**WHAT IS BEING ASKED:**
With the pictures omitted, set down exactly the lines from the one that contains "This original acrylic" through the last line of the data.

**STORED DATA:**

....

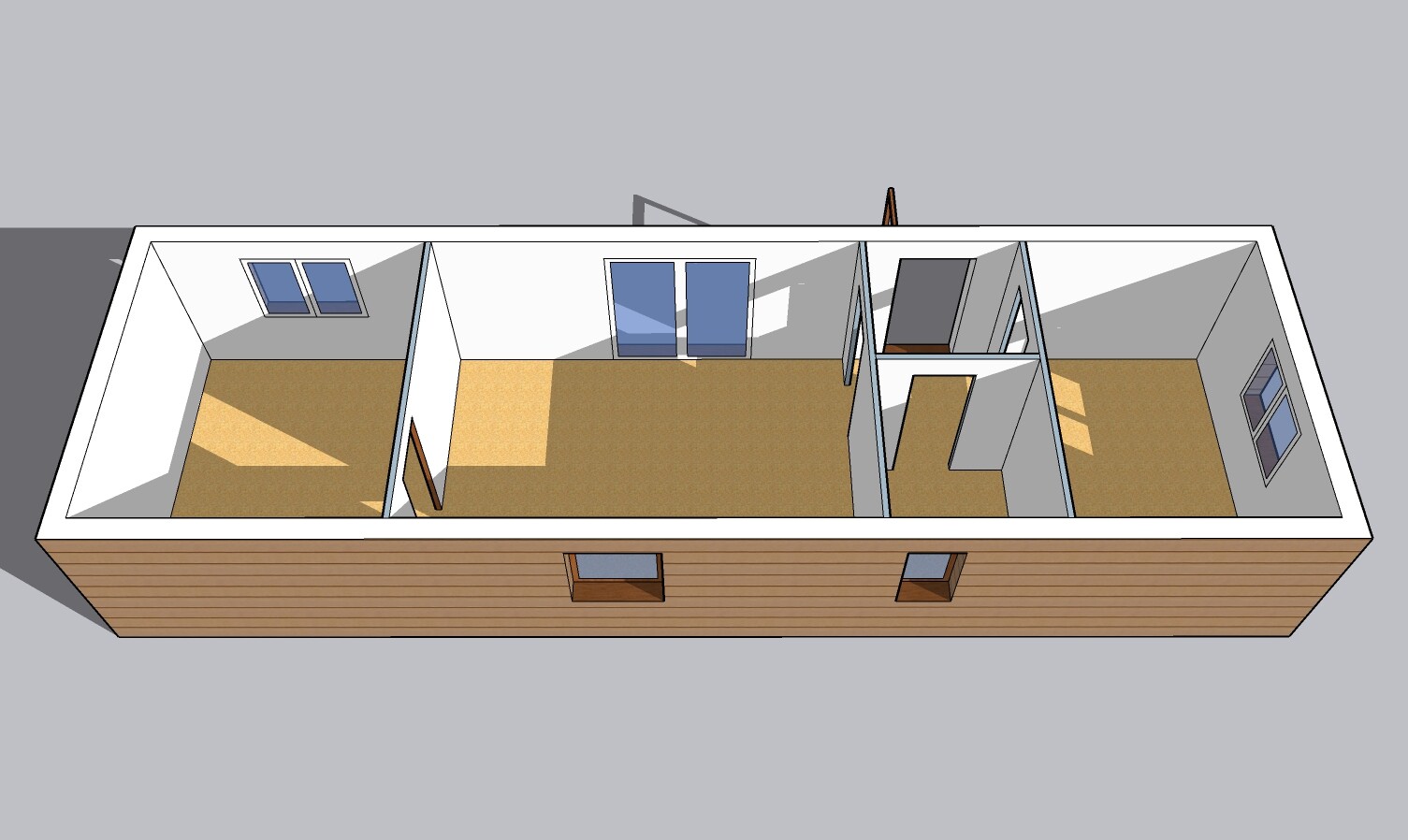 Výbava: Nový mobilheim jako holobyt, dřevěný obklad, vnitřní stěny sádrokarton, strop dřevěný obklad, možnost nainstalování podlahy, obložek a vnitřních dveří, koupelnového vybavení, kuchyně
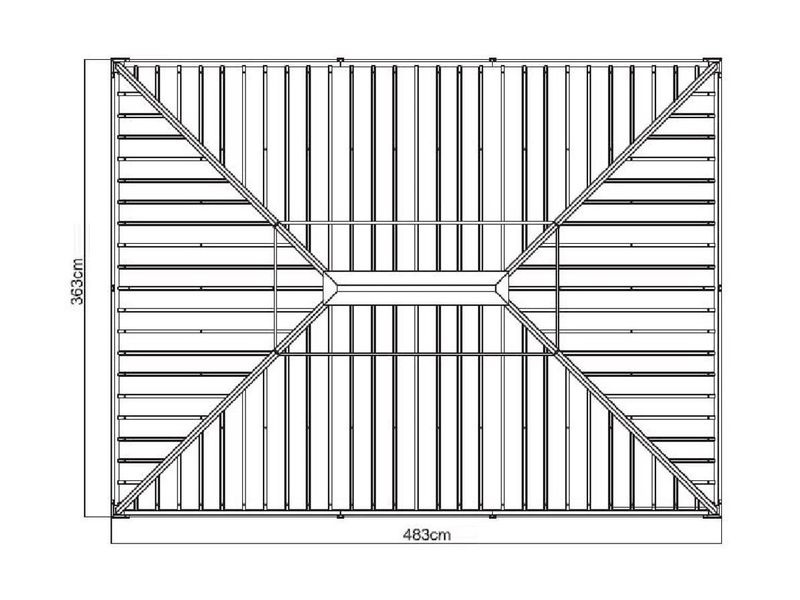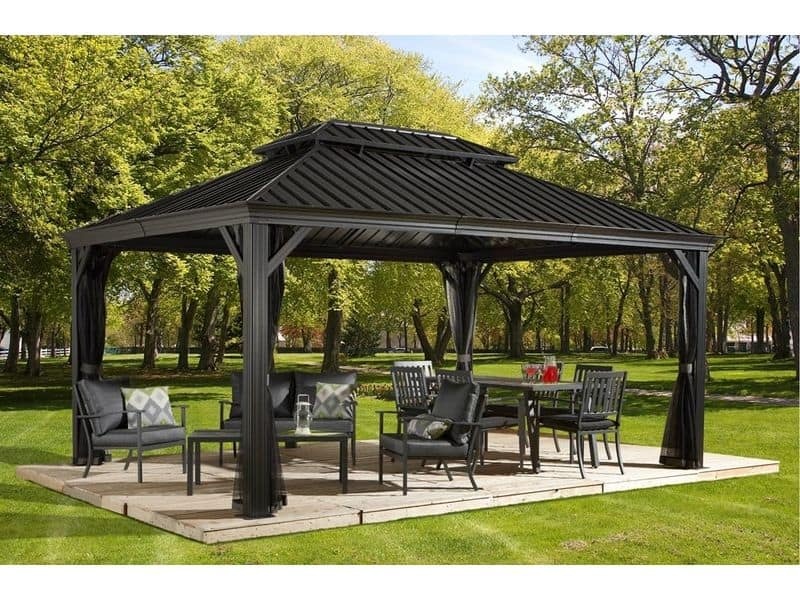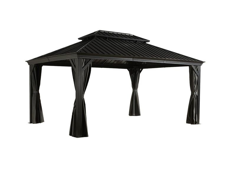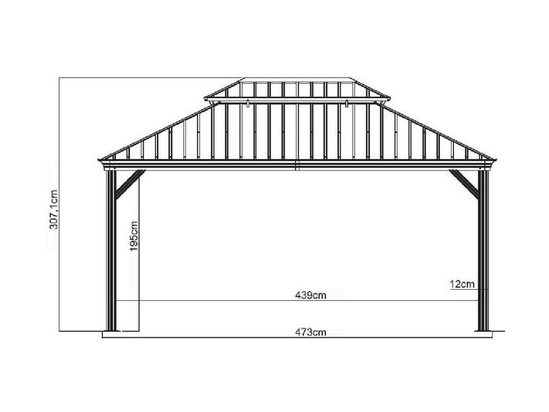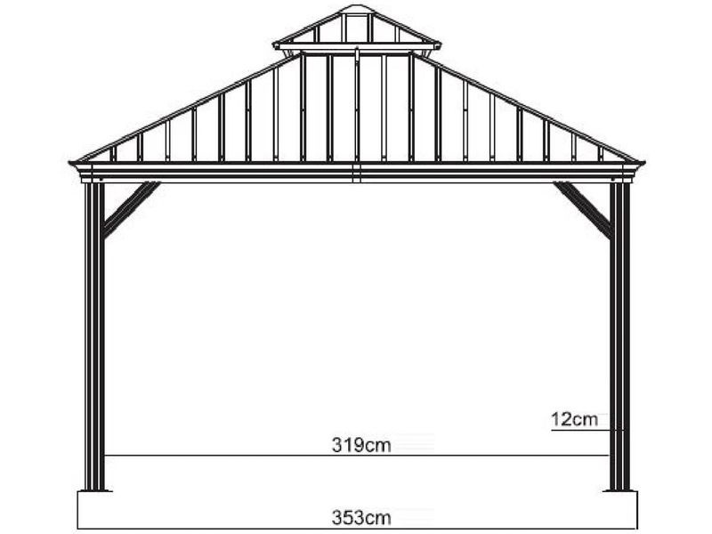 Strecha altánku je vyrobená z odolnej ocele, ktorá je vždy krásne tvarovaná. Zaručuje obzvlášť vysokú stabilitu a ľahko odoláva poveternostným podmienkam, ako je dážď, sneh alebo slnko (UV žiarenie). Vďaka tomu je možné altánok nechať na svojom mieste po celý rok. Súčasťou sú aj dažďové žľaby, ktoré umožňujú odtok dažďovej vody.
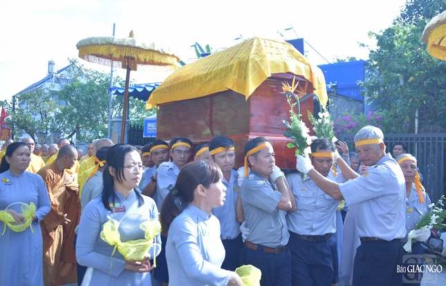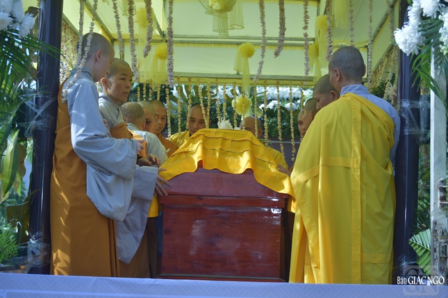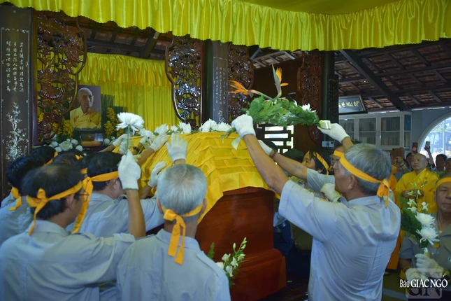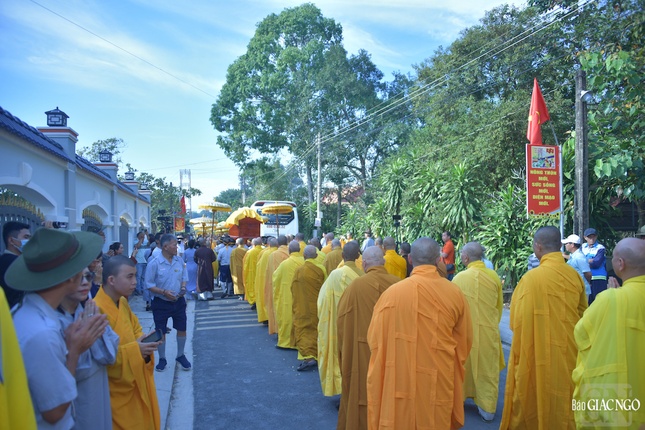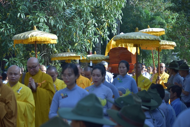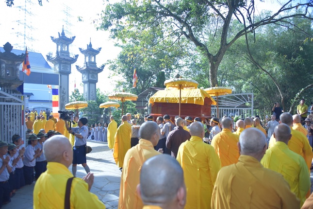 Trong tiếng đồng thanh niệm Phật của chư tôn đức Tăng Ni, toàn thể Phật tử, kim quan của Hòa thượng đã được cung thỉnh rời Giác linh đường tại chùa Phật Ân, đưa lên xe di chuyển đến nơi trà-tỳ tại Nhà hỏa táng Hòa Lạc Viên - Sala Garden (H.Long Thành, tỉnh Đồng Nai).
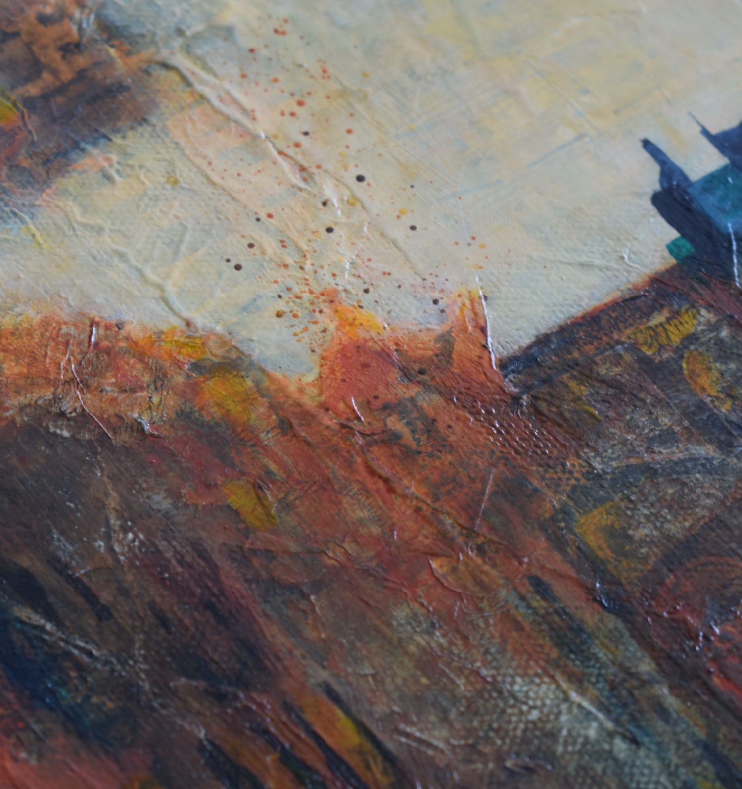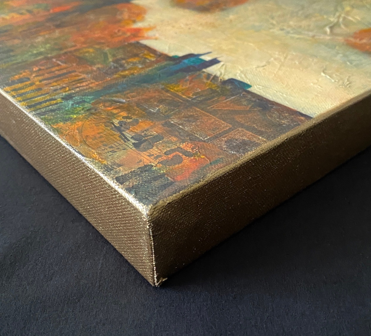 This original acrylic painting on gallery wrapped canvas is wired, ready to hang. The sides are finished with iridescent bronze for a nice presentation.
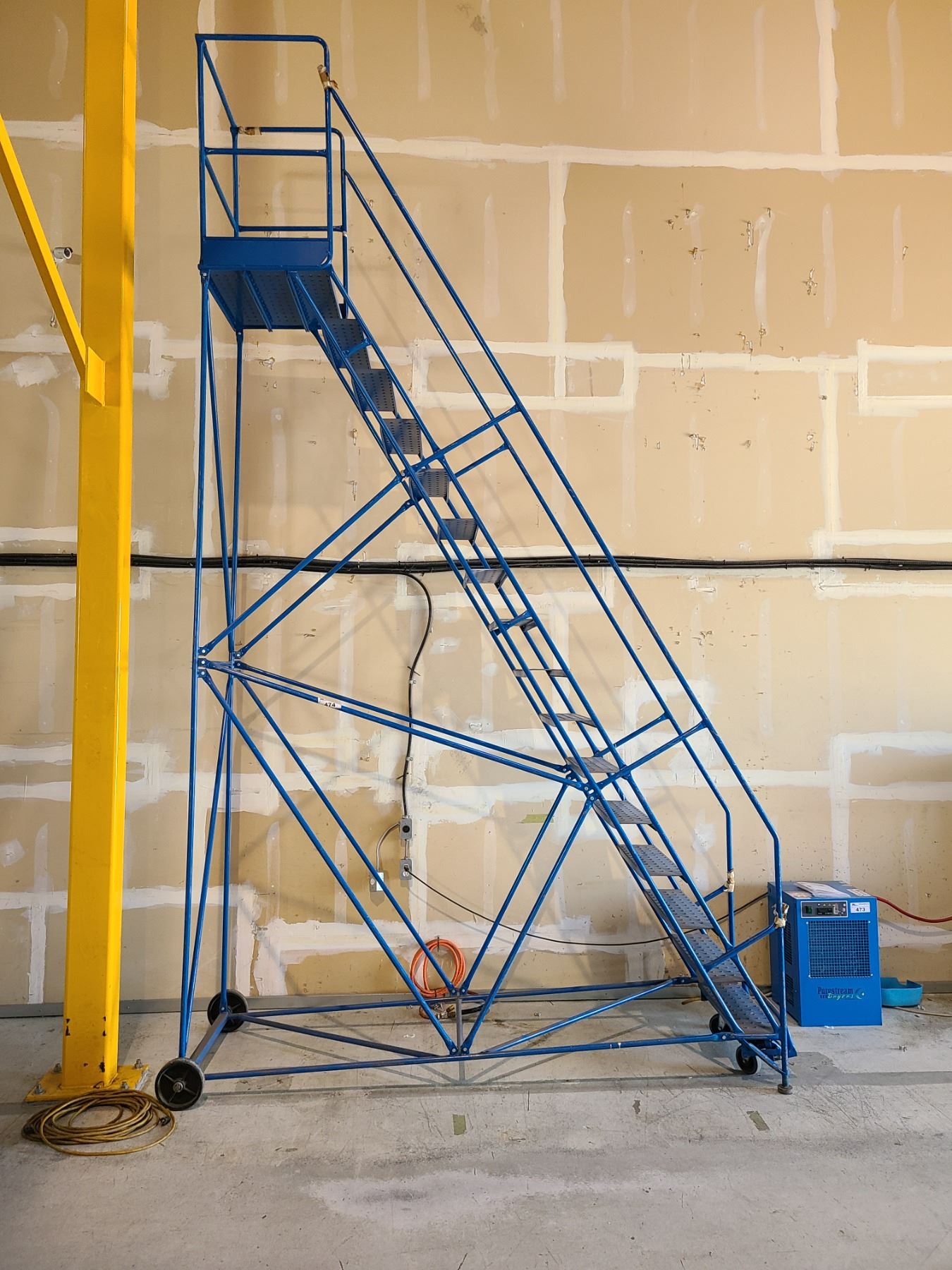 BLUE CANWAY MOBILE 16 STEP SHOP STAIR WITH 12' PLATFORM HEIGHT (OVERALL HEIGHT 15')

....

**RESPONSE TO THE TASK:**
 This original acrylic painting on gallery wrapped canvas is wired, ready to hang. The sides are finished with iridescent bronze for a nice presentation.
 BLUE CANWAY MOBILE 16 STEP SHOP STAIR WITH 12' PLATFORM HEIGHT (OVERALL HEIGHT 15')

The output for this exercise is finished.